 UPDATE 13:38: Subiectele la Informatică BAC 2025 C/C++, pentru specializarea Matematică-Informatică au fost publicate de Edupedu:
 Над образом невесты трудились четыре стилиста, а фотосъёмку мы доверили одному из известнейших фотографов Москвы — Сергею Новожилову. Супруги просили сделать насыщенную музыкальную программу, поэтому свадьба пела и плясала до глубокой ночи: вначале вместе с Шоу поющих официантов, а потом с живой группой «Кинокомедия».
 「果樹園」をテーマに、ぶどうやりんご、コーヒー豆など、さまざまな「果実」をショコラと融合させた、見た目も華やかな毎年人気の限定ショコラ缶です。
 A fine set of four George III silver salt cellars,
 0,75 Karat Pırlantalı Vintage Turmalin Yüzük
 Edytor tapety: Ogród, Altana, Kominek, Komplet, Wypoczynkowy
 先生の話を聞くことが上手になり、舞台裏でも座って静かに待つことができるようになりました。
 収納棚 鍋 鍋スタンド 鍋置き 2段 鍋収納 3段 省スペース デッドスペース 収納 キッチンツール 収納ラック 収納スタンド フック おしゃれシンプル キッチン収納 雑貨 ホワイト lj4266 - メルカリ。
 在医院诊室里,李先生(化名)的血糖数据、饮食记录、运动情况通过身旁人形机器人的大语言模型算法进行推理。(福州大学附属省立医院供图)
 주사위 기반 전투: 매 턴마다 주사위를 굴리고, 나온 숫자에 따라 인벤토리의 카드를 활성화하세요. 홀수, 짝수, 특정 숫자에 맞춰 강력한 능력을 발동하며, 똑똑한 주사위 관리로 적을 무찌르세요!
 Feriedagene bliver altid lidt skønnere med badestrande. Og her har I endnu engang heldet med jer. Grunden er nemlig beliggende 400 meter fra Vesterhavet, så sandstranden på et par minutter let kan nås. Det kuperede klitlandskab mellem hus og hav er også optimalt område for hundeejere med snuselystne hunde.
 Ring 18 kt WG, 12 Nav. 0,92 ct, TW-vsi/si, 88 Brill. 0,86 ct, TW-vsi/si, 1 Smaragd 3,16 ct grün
■ ■ ■ ■
▶ _WHAT YOU SHOULD DO_: Take the line containing "Feriedagene bliver altid" and each line after it up to the last line of the listing, and print them exactly.

▶ _ANSWER TO THIS EXERCISE_:
 Feriedagene bliver altid lidt skønnere med badestrande. Og her har I endnu engang heldet med jer. Grunden er nemlig beliggende 400 meter fra Vesterhavet, så sandstranden på et par minutter let kan nås. Det kuperede klitlandskab mellem hus og hav er også optimalt område for hundeejere med snuselystne hunde.
 Ring 18 kt WG, 12 Nav. 0,92 ct, TW-vsi/si, 88 Brill. 0,86 ct, TW-vsi/si, 1 Smaragd 3,16 ct grün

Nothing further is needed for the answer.